Пристаем к Дедову острову. На острове, весь в зелени, трава светлая и сочная, деревянная церковь и избы: село. Пристани нет. Бросают с пароходного мостика канат, на берегу ловят, поймали, притягивают пароход поближе к берегу, замотали канат за толстый пень; бросают мостки, но они шлепаются в воду — и босой матрос, лицом похожий на провинциального здоровяка-гимназиста, безусый, шлепается в воду по шею — и смеется, стоя в воде… И все смеются на берегу, на пароходе, выглянул повар — засмеялся. Опять налаживают мостки. И не успели наладить — уже снимают мостки, едет пароход. Зачем же приставали? Батюшке — газеты, а газеты — «Епархиальные Ведомости», а в «Епархиальных Ведомостях» — одни объявления и назначения… Батюшка доволен на берегу, машет шляпой, а мы довольны на пароходе: куда спешить? Отчего не пристать, хорошему человеку не сделать удовольствие? Едим в каюте. Вдруг грохот, треск, драка. Вовсе нет: пристали к берегу, нагружают дрова для машины.
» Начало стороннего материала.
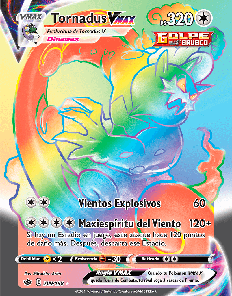 Cuando tu Pokémon VMAX queda Fuera de Combate, tu rival coge 3 cartas de Premio. |

Тут, на берегу, у пристани длинные сажени дров наставлены; матросы — и все босые: как не занозят, не отшибут ноги! — нагружают их в тачки, а из тачек кидают прямо в трюм. Никак не привыкнешь к этому дровяному шуму: до Архангельска ехали, и все казалось, что какая-то смертоубийственная драка в трюме, — и непременно по утрам, когда крепкий сон.
Обгоняем плоты; все лес и лес: по берегам — широкий, вольный, лес на воде — спиленный, срубленный, смирный, холодный. Медленно, медленно тянутся плоты: реке лень их нести, прибивает их к берегу или не несет, а качает тихо и лениво на месте. А плотовщики наложили на плот, который в хвосте, земли или железа ржавого полоску, камней — и разводят огонь, вечно висит закоптелый чайник, лениво пьют чай, цветом не желтей сухонской воды, лежат вповалку на плоту, поют, переругиваются с рулевым на пароходе, проплывут месяц, или еще лишнюю неделю, — не все ли равно? Когда-нибудь будут в Архангельске, а лес все равно уйдет когда-нибудь за границу.
А ночи — тихие, свежие, душистые — все светлей, все белесоватей, золотистей, розовей…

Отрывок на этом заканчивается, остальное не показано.